**ENTRIES PROVIDED**.
──────
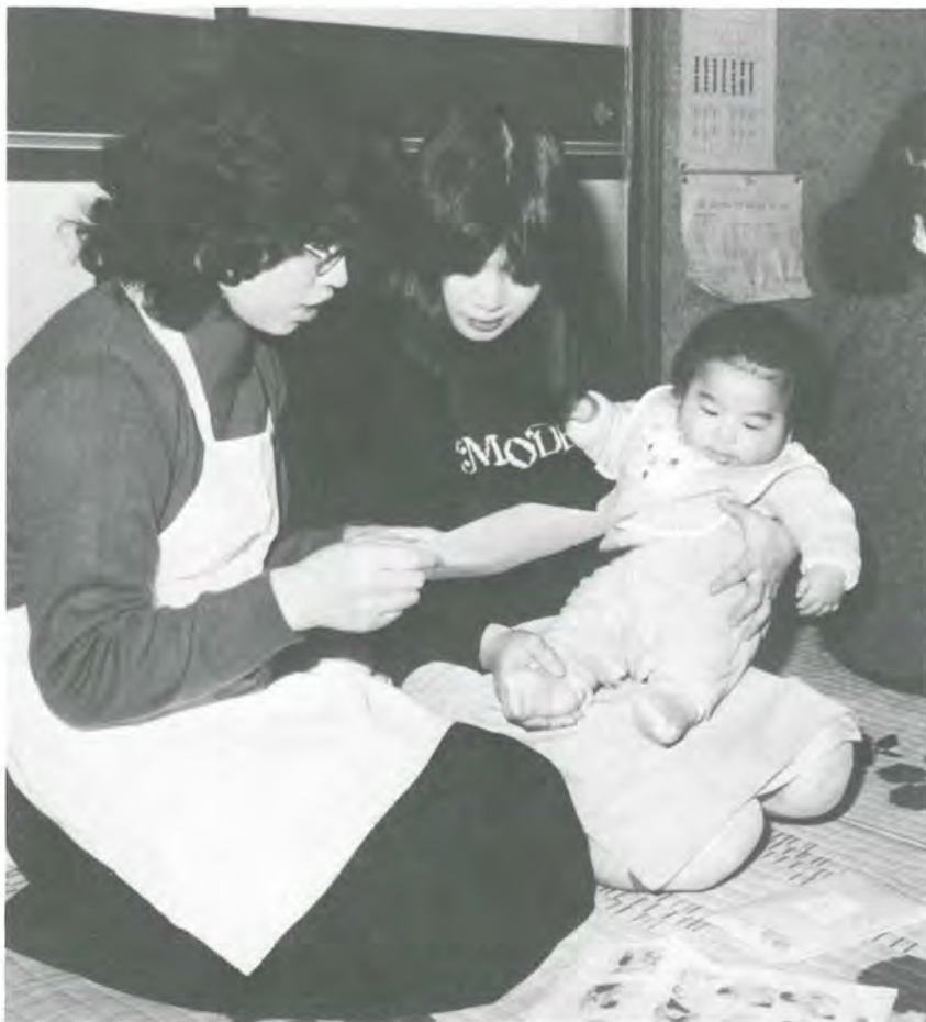
家族の健康管理はお母さんの役目です。
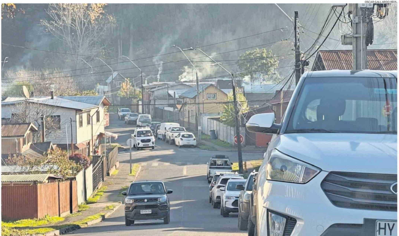
LA SEREMI DEL MEDIO AMBIENTE CONFIRMÓ QUE EN LAS ÚLTIMAS SEMANAS SE HAN REGISTRADO AL MENOS CUATRO JORNADAS EQUIVALENTES A PREEMERGENCIA AMBIENTAL EN LA COMUNA DE LA UNIÓN.

Seremi del Medio Ambiente confirmó que Río Bueno, Paillaco, Panguipulli, Mariquina y Los Lagos contarán con herramienta para detectar episodios de alta concentración de material particulado fino.
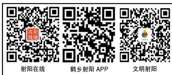
射阳在线 鹤乡射阳APP 文明射阳

近年来,我县大力推行工程建设审批领域“四即”改革,在全省成功试点“交房即发证”的基础上,在全市率先常态实现“拿地即开工”“交房即发证”“交地即发证”“发证即办抵押”改革,2020年办理的一批“拿地即开工”项目,办理周期由原来的3个月缩短至40个工作日内,审批时限由原来的50个工作日压缩在3个工作日内;不动产登记证书、不动产抵押登记证明、住宅使用说明书、住宅质量保证书以及自来水、电力、天然气、电信网络开户8本证书证明实现同步办理。
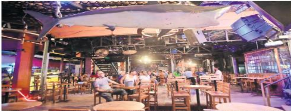
La noche del sábado algunos bares y restaurantes volvieron a iluminar la avenida Costero Miguel Alemán, aunque sin apoyo del gobierno, según algunos empresarios.
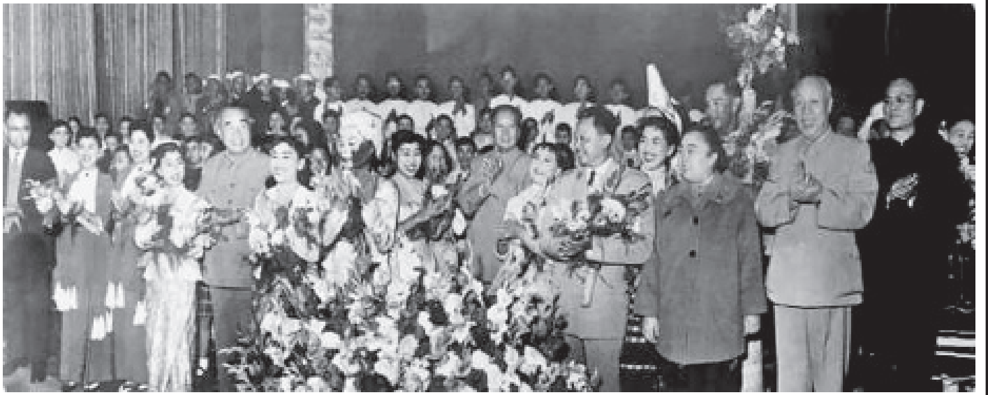
၁၉၆၀ ပြည့်နှစ် အောက်တိုဘာ ၉ ရက်တွင် ဥက္ကဋ္ဌကြီး မော်စီတုန်းနှင့် တရုတ်ခေါင်းဆောင်များ မြန်မာ့ယဉ်ကျေးမှုကိုယ်စားလှယ်အဖွဲ့နှင့်အတူ စုပေါင်းမှတ်တမ်းတင်ဓာတ်ပုံ ရိုက်စဉ်။

ထို့အပြင် နှစ်နိုင်ငံသည် ပထဝီတည်နေရာချင်း နီးကပ်ပြီး ပြည်သူချင်း ချစ်ခင်ရင်းနှီးကာ ယဉ်ကျေးမှု ချင်းလည်း ဆက်နွှယ်နေပါကြောင်း၊ နှစ်နိုင်ငံအကြား အေးအတူပူအမျှ အသိုက်အဝန်းအတူတကွ တည်ဆောက် ရန် သဘောတူညီချက်သည် နှစ်နိုင်ငံပြည်သူများ၏ အခက်အခဲကို အတူတကွရှင်ဆိုင်ကြသည့် အပြန်အလှန် အကူအညီပေးပေးကြသောညီအစ်ကိုမောင်နှမသံယောဇဉ် ကို သက်ဝင်လှုပ်ရှားစွာထင်ဟပ်စေပြီး နှစ်ဦးနှစ်ဖက် ဆက်ဆံရေး၏ အနာဂတ်လမ်းပြမြေပုံသစ်ကို ဘက်စုံ ရေးဆွဲနေပြီဖြစ်ပါကြောင်း၊ နှစ်နိုင်ငံပြည်သူများ၏ ဆန္ဒ အရေးကြီးကြောင်းကို စဉ်ဆက်မပြတ် ခိုင်ခံ့လာအောင်
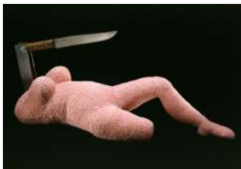
L. Bourgeois, de la serie Femme-couteau (2002)
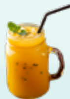
MANGO MARACUJA LIMONADE
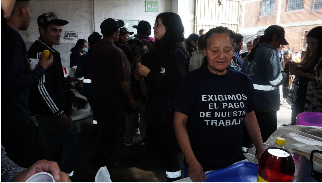
Fotografía 6. Actividad de bienestar a asociados de la asociación.
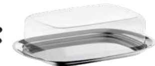
Butterdose Butter dish
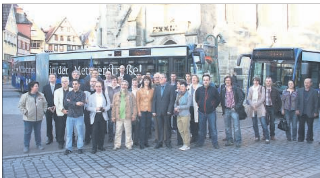
Die Mitglieder des Vereins Metzgerstraße vor den zwei neuen Gelenkbussen. Am Dienstag war Bustaufe.
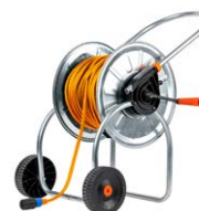
Przewód 50 m / 75 m / 100 m do pomiaru małych rezystancji oraz badania ochrony odgromowej turbin wiatrowych

WAADAPRZ050BDP WAADAPRZ075BDP WAADAPRZ100BDP
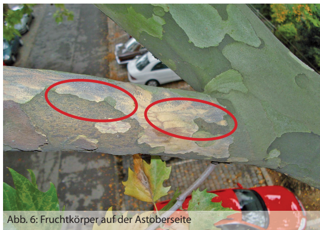
Abb. 6: Fruchtkörper auf der Astoberseite

Von einer vorsorglichen Kappung der Platanen ist aus fachlicher, baumbiologischer und stadtgestalterischer Sicht abzusehen.
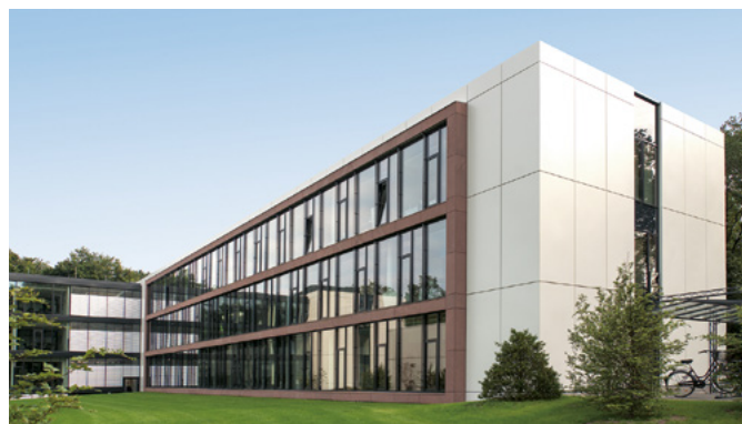
Storck AG | Halle in Westfalen
──────
In the records above, copy exactly everything from the line that has "射阳在线 鹤乡射阳APP 文明射阳" down to the line that has "၁၉၆၀ ပြည့်နှစ် အောက်တိုဘာ", both ends included, and leave out the pictures.

射阳在线 鹤乡射阳APP 文明射阳

近年来,我县大力推行工程建设审批领域“四即”改革,在全省成功试点“交房即发证”的基础上,在全市率先常态实现“拿地即开工”“交房即发证”“交地即发证”“发证即办抵押”改革,2020年办理的一批“拿地即开工”项目,办理周期由原来的3个月缩短至40个工作日内,审批时限由原来的50个工作日压缩在3个工作日内;不动产登记证书、不动产抵押登记证明、住宅使用说明书、住宅质量保证书以及自来水、电力、天然气、电信网络开户8本证书证明实现同步办理。
La noche del sábado algunos bares y restaurantes volvieron a iluminar la avenida Costero Miguel Alemán, aunque sin apoyo del gobierno, según algunos empresarios.
၁၉၆၀ ပြည့်နှစ် အောက်တိုဘာ ၉ ရက်တွင် ဥက္ကဋ္ဌကြီး မော်စီတုန်းနှင့် တရုတ်ခေါင်းဆောင်များ မြန်မာ့ယဉ်ကျေးမှုကိုယ်စားလှယ်အဖွဲ့နှင့်အတူ စုပေါင်းမှတ်တမ်းတင်ဓာတ်ပုံ ရိုက်စဉ်။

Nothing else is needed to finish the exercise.